Minister Rockhill to the Secretary of State.
Peking, China, December 1, 1905.
Sir: In further reference to my dispatch, No. 148, of November 10, referring to the present status of the negotiations for trade-mark regulations in China, and to my statement that I hoped to be able to submit to you a report, by our consular officers, on the number of Americans who had received registration for their trade-marks under the provisional regulations issued by China last year, I have now the honor to inclose copies of letters received from our consuls-general at Shanghai and Tientsin.

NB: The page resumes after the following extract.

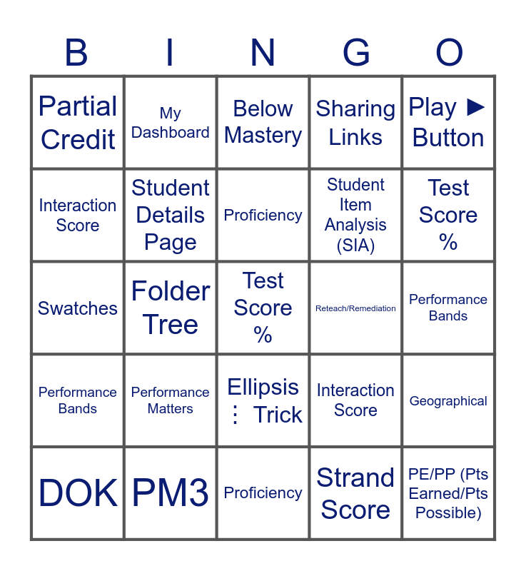 This bingo card has a free space and 62 words: Free!, PM3, Add Student Filter, Performance Bands, My Dashboard, Differentiated Instruction (DI), Student Details Page, Folder Tree, Student Item Analysis (SIA), Swatches, Sharing Links, Manage Columns, Interaction Score, Power 🗲 Insights, Hover 👆🏻 Trick, Partial Credit, PE/PP (Pts Earned/Pts Possible), Play ► Button, Ellipsis ⋮ Trick, Proficiency, Reteach/Remediation, Below Mastery, DOK, Strand Score, Power Standard, CFA/BSA, Scaffolding, High Stakes, Geographical, EOC, FAST, Performance Matters, PM3, Add Student Filter, Performance Bands, My Dashboard, Differentiated Instruction (DI), Student Details Page, Folder Tree, Student Item Analysis (SIA), Swatches, Sharing Links, Performance Matters, Manage Columns, Test Score %, Interaction Score, Power ϟ Insights, Hover 👆🏻 Trick, PE/PP (Pts Earned/Pts Possible), Play ► Button, Ellipsis ⋮ Trick, Proficiency, Reteach/Remediation, Below Mastery, DOK, CFA/BSA, Scaffolding, High-Stakes, Geographical, EOC, FAST and Strand Scores.

Offices for the registration of trade-marks under the provisional regulations of last year were only opened, I believe, at Shanghai and Tientsin. If others, of which I have not learned, were opened, it is practically certain that applicants for registration received everywhere the same treatment. It appears, therefore, that while a number of American firms in China made application under the terms of the provisional regulations for registration of their trade-marks, said applications were simply given provisional record numbers in the different offices, with the understanding that final registration would be granted later.
The question therefore arises whether the objection made by our Government to the regulations now being discussed, and communicated to this legation in the department’s No. 42, of August 11, 1905, that section 25 “may destroy the effect of registration effected by American owners of trade-marks under the trade-mark regulations heretofore published,” which objection the diplomatic representatives here, as reported to you in dispatch No. 148, declared themselves unable to agree with, may not be waived, as no American interests would seem to be imperiled by so doing.
I beg that the department will give me instructions in the matter.